Splenectomy is the surgical removal of the spleen, which is an organ that is part of the lymphatic system. The spleen is a dark-purple, bean-shaped organ located in the upper left side of the abdomen, just behind the bottom of the rib cage. In adults, the spleen is about 4.8 × 2.8 × 1.6 in in size, and weighs about 4 or 5 oz. Its functions include a role in the immune system; filtering foreign substances from the blood; removing worn-out blood cells from the blood; regulating blood flow to the liver; and sometimes storing blood cells. The storage of blood cells is called sequestration. In healthy adults, about 30% of blood platelets are sequestered in the spleen.

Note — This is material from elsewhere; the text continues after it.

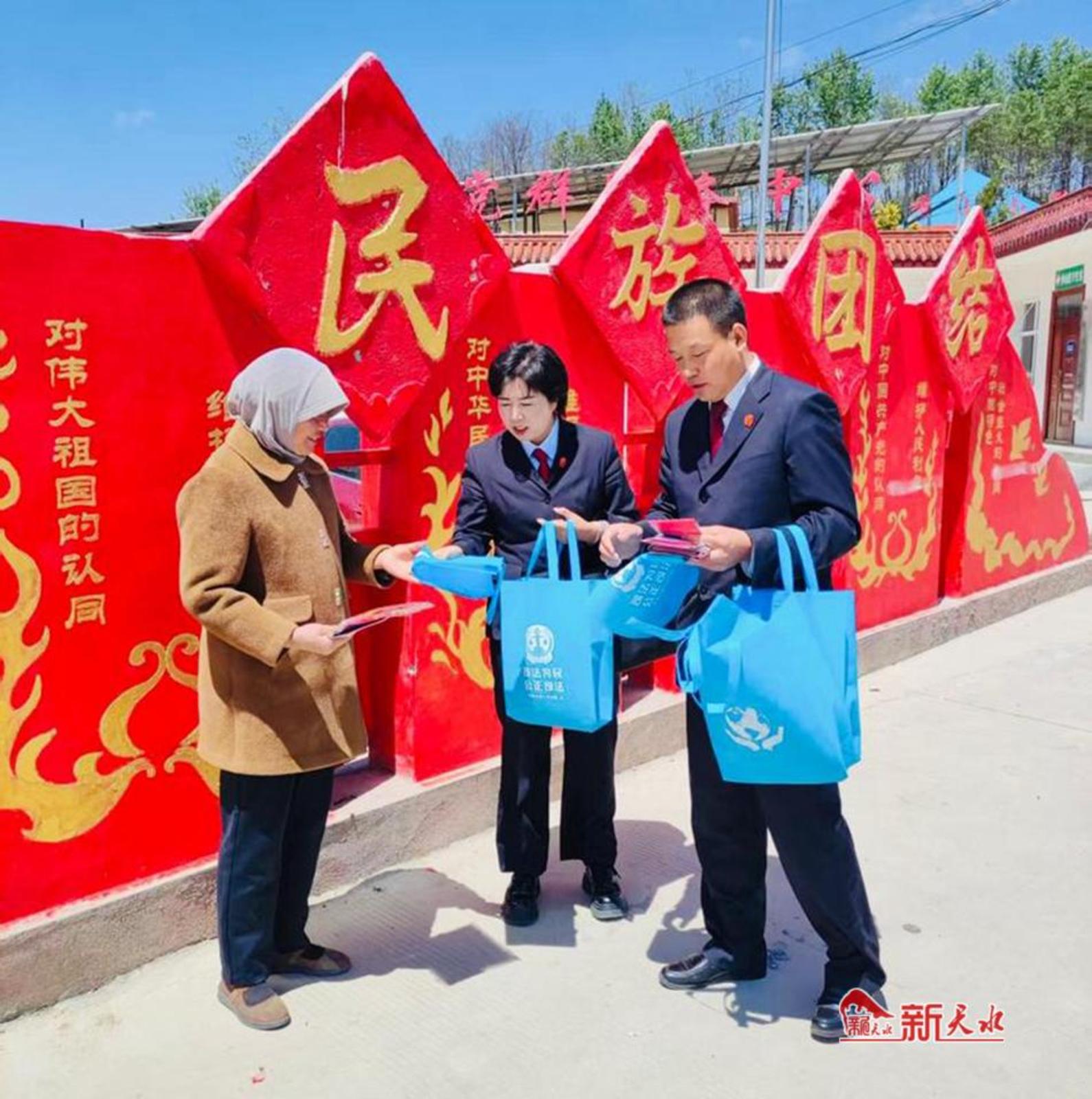 新天水讯 5月9日,张家川县人民法院聚焦企业和乡村法治需求,组织干警先后走进张家川回族自治县万通燃气供应有限公司、刘堡镇李山村开展“民法典进企业、进乡村”系列宣传活动,让法治春风浸润基层。

Splenectomies are performed for a variety of different reasons and with different degrees of urgency. Most splenectomies are done after the patient has been diagnosed with hypersplenism. Hypersplenism is not a specific disease but a group of symptoms, or syndrome, that can be produced by a number of different disorders. It is characterized by enlargement of the spleen (splenomegaly), defects in the blood cells, and an abnormally high turnover of blood cells. It is almost always associated with splenomegaly caused by specific disorders such as cirrhosis of the liver or certain cancers. The decision to perform a splenectomy depends on the severity and prognosis of the disease that is causing the hypersplenism.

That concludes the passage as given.